Nine months ago, when the G20 leaders met in Pittsburgh, they pledged to "rationalize and phase out over the medium term fossil-fuel subsidies that encourage wasteful consumption." These subsidies, they said in the final communiqué, reduce energy security and "undermine efforts to deal with the threat of climate change."

Ah yes, climate change, the subject Prime Minister Stephen Harper hates. Two weeks ago, while visiting Europe, he called the subject a "sideshow" that wouldn't get any attention at G8 and G20 summits focused on the economy. European leaders considered his position to be so fossilized that a week ago Monday, at 3 p.m., Mr. Harper had to reverse himself by issuing a revised agenda that, yes, included climate change. Once again - how many times has it been? - Canada's position on climate change has proved to be an international embarrassment.

Needless to say, Mr. Harper, as host, won't be putting the pedal to the metal on eliminating fossil-fuel subsidies or doing anything about climate change. But at least a few other leaders might. After all, at Pittsburgh, the leaders instructed energy and finance ministers to report on how G20 countries were dealing with both.

How large fossil-fuel subsidies are worldwide is an interesting question, especially given British Petroleum's ruinous and graphic oil gusher befouling part of the Gulf of Mexico. The International Energy Agency, representing the big consuming countries, estimates than in 20 non-members of the Organization for Economic Co-operation and Development, fossil-fuel subsides represented $310-billion in 2007. Put those together with $265-billion in agricultural subsidies within the OECD and that makes a tidy $575-billion in subsidies for fossil fuels among big countries outside the OECD and for farmers inside the OECD.

The trouble with the G20 reducing fossil-fuel subsidies is that although some of the countries at the Toronto summit subsidize heavily (Saudi Arabia, Indonesia, Russia), most of the worst offenders, including Venezuela, Iran and a bunch of Arab states, are not G20 countries.

Cheap gasoline and other petroleum products are deemed the heritage of consumers in those oil-producing nations. Authoritarian governments bribe citizens with cheap fuel and justify the policy as helping the needy. Subsidies also help to suppress political dissent.

Some G20 countries have also rushed to protect Big Coal from any burden placed upon it as a huge emitter of carbon. Oil and natural-gas companies also have been exceedingly successful in North America at delaying or frustrating serious attempts to put a price on the carbon they emit. Given the lassitude of the Harper government, and the political constipation of the U.S. Congress, it appears their success will continue for some time.

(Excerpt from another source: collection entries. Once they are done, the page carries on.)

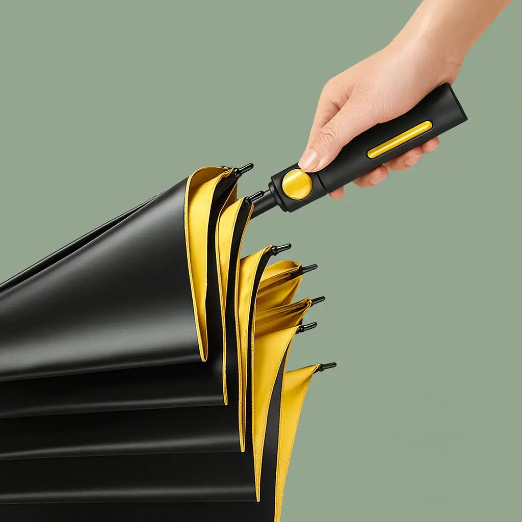 Este paraguas de 27 pulgadas y doble capa combina una cúpula resistente y repelente al agua con revestimiento interior negro que reduce los rayos UV y apertura semiautomática, dándote cobertura instantánea y fiable en trayectos, recados, colegio, eventos y viajes.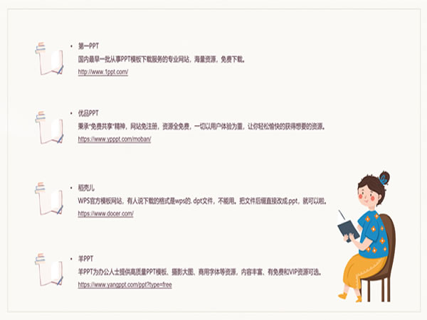 接下来主持人为大家推荐了几个像第一PPT、优品PPT、羊PPT、稻壳儿等不错的PPT模板网站,内容丰富、免费漂亮。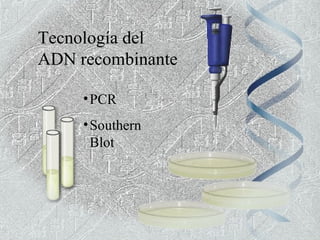 La reacción en cadena de la polimerasa (PCR) permite amplificar grandes cantidades de segmentos específicos de ADN mediante la repetición cíclica de calentamiento, enfriamiento y alargamiento. La PCR utiliza cebadores, nucleótidos, ADN molde y la enzima Taq polimerasa para sintetizar copias del fragmento de ADN de interés, lo que permite su detección e identificación. La PCR ha revolucionado la biología molecular al permitir el análisis de ADN incluso a partir de pequeñas cantidades de m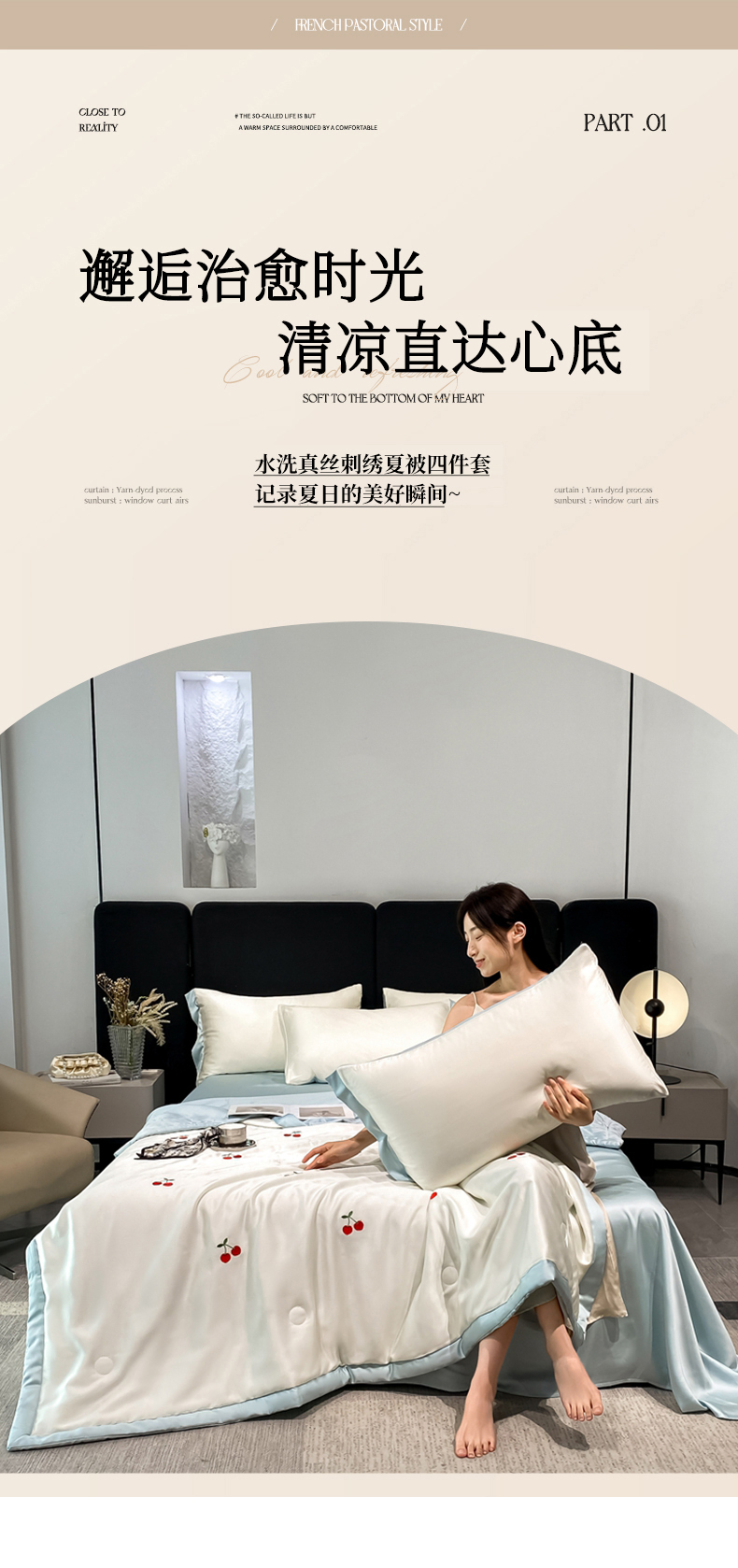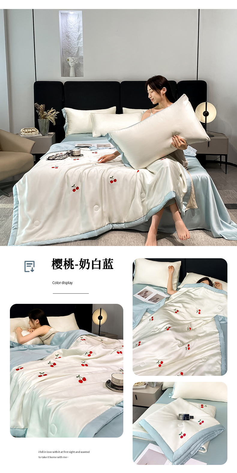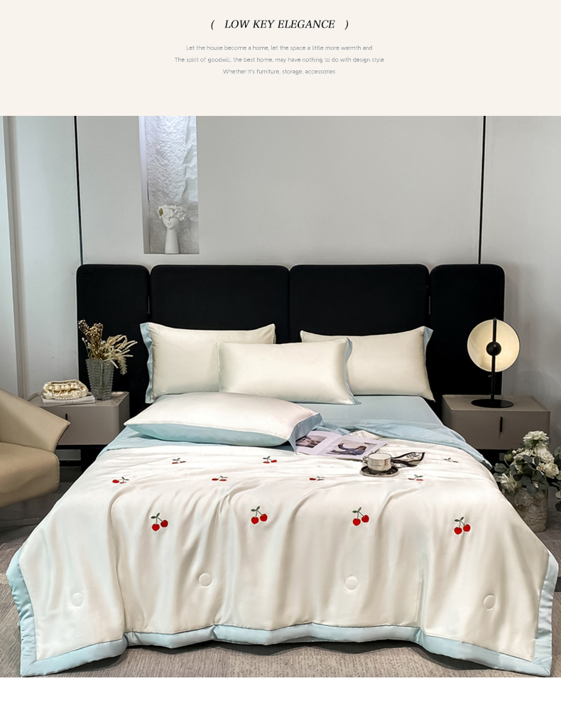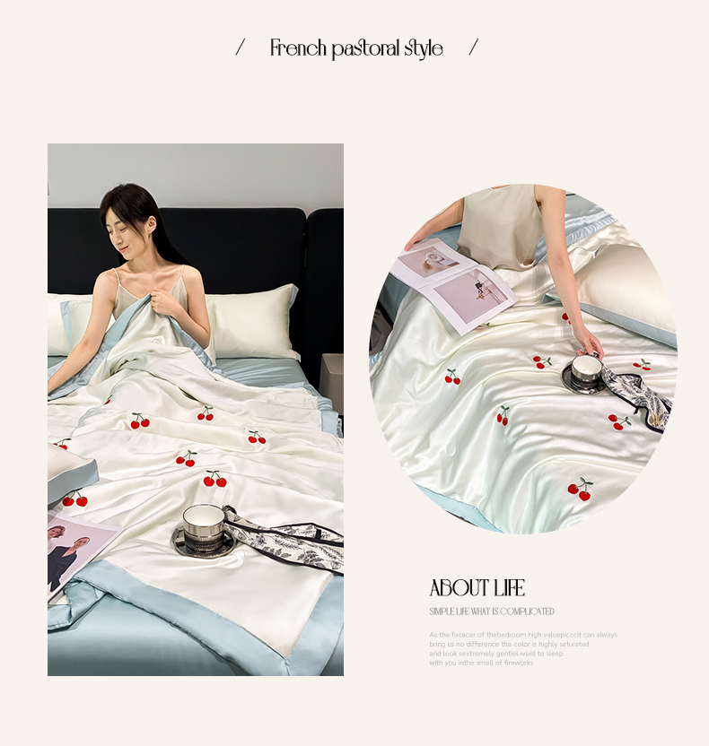 当前位置: 91家纺网 > 商品网购 > 床品套件 > 四件套 > 夏被四件套 > 利欧 2025新款刺绣水洗真丝夏被四件套 樱桃-奶白蓝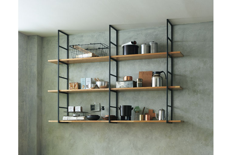 ハシゴ状のフレーム金物を壁面に固定し、数枚の無垢集成材を渡して使う収納です。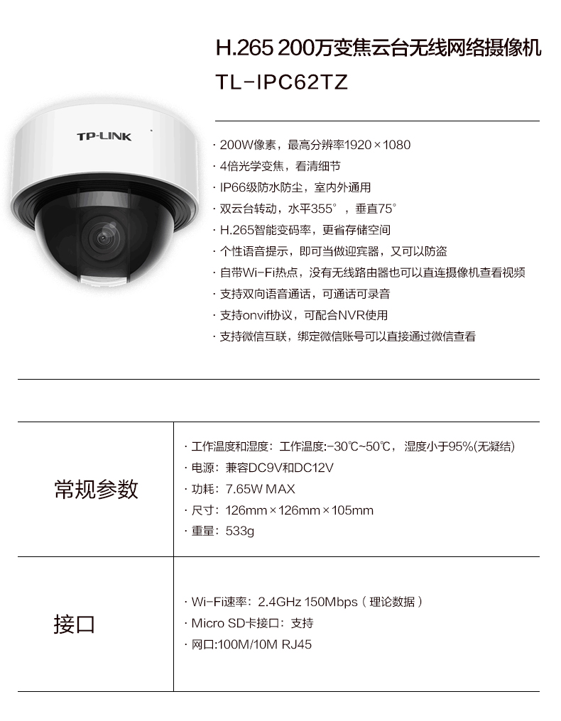 TPLINK無線雲台ハイビジョン監視カメラ4倍ズーム家庭用携帯電話遠隔制御モニタ音声対話家庭室内外防水防犯カメラヘッドTL-PC 62 TZ【1080 p】4倍光学ズーム版64 G

In China, India and other developing countries, coal remains king: a cheap, abundant, domestic source of energy, central to their modernization efforts. Neither emerging giant will remotely commit to absolute reduction targets for their greenhouse-gas emissions, just improvements in the intensity of energy use, the same approach favoured by Alberta in Canada. It's an approach guaranteed to produce more emissions, but at a slower rate of increase than if nothing had been done.

The key to doing what G20 leaders said they wanted in Pittsburgh is to recalculate what subsidies mean. In their communiqué, they exempted subsidies for "clean" technologies and fuels, mainly biofuels.

As the Institute for Sustainable Development showed in a compendious report on biofuels, subsidizing corn-based ethanol is counterproductive. The cost-per-tonne reduction of carbon dioxide through corn-based ethanol makes those subsidies among the least-efficient use of taxpayers' money imaginable. Worse, there are so many subsidy programs available for farmers who produce ethanol that the phenomenon of "subsidy stacking" is now widespread. So, good ends do not necessarily make for wise subsidies.

Similarly, subsidies are implicit in any fossil-fuel use that does not impose a price either on the producer or the consumer for the emissions that flow from the use. In other words, the best way over time to reduce emissions is to eliminate the implicit subsidies by requiring producers and users to pay a price for the pollution.

A handful of European G20 countries are doing so through an emissions-trading system. A couple of jurisdictions, including British Columbia, use a carbon tax. Everybody else remains unwilling to contemplate, let alone do, the single most important thing required to fulfill what the leaders said they wished to accomplish in Pittsburgh, and presumably will repeat in Toronto.